EXHIBIT 10.5
ADDENDUM TO ASSET PURCHASE AGREEMENT
This addendum is entered into this of March 1997, by and among FIRST
CHOICE AUTO FINANCE, INC., a Florida Corporation (the "Buyer"), XXXX XXXXXXX
ENTERPRISE, INC. d/b/a Motorcars of Stuart, an Illinois corporation (THE
"SELLER"), XXXX XXXXXXX, an individual ("JW") and F. XXXXX XXXXXXXX, an
individual ("CC") and, collectively WITH JW (THE "STOCKHOLDERS");
WITNESSETH
WHEREAS, Seller, Buyer and Stockholders entered into an Asset Purchase
Agreement (the "Asset Purchase Agreement") on or about December 19, 1996;
WHEREAS, the Buyer has provided a deposit of $100,000 pursuant
to Section 3.2 of the Asset Purchase Agreement;
WHEREAS, the parties wish to amend the Asset Purchase
Agreement by this Addendum;
NOW, THEREFORE, in consideration of the premises and the mutual
covenants herein contained, the parties hereby agree as follows:
1. EFFECT OF THE ADDENDUM
1.1 This addendum affects those issues contained herein only.

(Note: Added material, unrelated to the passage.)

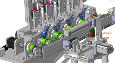 This is industrial 3D model Pump body screw tightener, mainly aimed at the screw tightening station of the oil pump housing, has high automation, realizes mass production, is mainly controlled by PLC and automatic control panel, has a high degree of automation.

The remainder of the Asset Purchase Agreement not Affected by this Addendum
remains in full force anD effect.
2. PAYMENT OF PURCHASE PRICE
2.1 Payment of the Purchase Price is contained within section
3.2 of the Asset Purchase Agreement between the parties.
2.2 The Purchase price as defined by Section 3.1 of the Asset
Purchase Agreement was to be paid as set forth in section 3.2 of the Asset
Purchase Agreement. Section 3.2(b)(iii) is deleted from the Asset Purchase
Agreement. The following language shall replace this section:
(iii) As to the next $300,000, Smart Choice Automotive Group, Inc.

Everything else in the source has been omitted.